Please transcribe the lines below exactly, and leave every image behind.

* _Supplied material_:
* * *

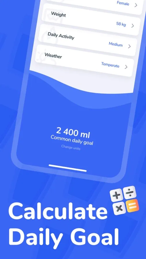 • Calculate your daily hydration goal based on your body type, weight, height, age and daily activity
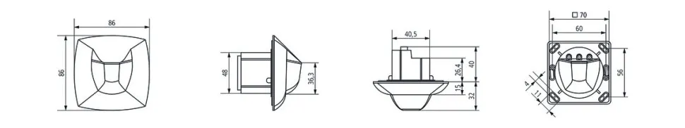 | Зона обнаружения | 100 m² (ø 16 m | 180°) |
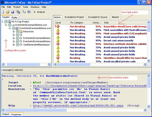 概述:本文詳細(xì)介紹了FxCop的使用過程,并通過一個(gè)示例來進(jìn)行說明。FxCop是對(duì)中間語言進(jìn)行檢測(cè)的,所以這里的代碼同樣適用于C#。
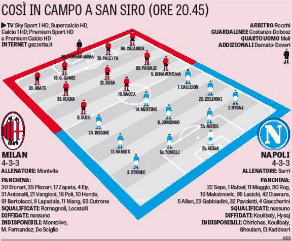 La Gazzetta dello Sport ha pubblicato le probabili formazioni del match di oggi a San Siro; come detto moduli speculari per Milan e Napoli, anche se schierati con caratteristiche ben differenti. I rossoneri devono fare a meno di due squalificati (Romagnoli e Locatelli) e Montella punterà sull’entusiasmo dei sudamericani Gustavo Gomez e José Sosa.

* * *

* _Written answer_:
 • Calculate your daily hydration goal based on your body type, weight, height, age and daily activity
 | Зона обнаружения | 100 m² (ø 16 m | 180°) |
 概述:本文詳細(xì)介紹了FxCop的使用過程,并通過一個(gè)示例來進(jìn)行說明。FxCop是對(duì)中間語言進(jìn)行檢測(cè)的,所以這里的代碼同樣適用于C#。
 La Gazzetta dello Sport ha pubblicato le probabili formazioni del match di oggi a San Siro; come detto moduli speculari per Milan e Napoli, anche se schierati con caratteristiche ben differenti. I rossoneri devono fare a meno di due squalificati (Romagnoli e Locatelli) e Montella punterà sull’entusiasmo dei sudamericani Gustavo Gomez e José Sosa.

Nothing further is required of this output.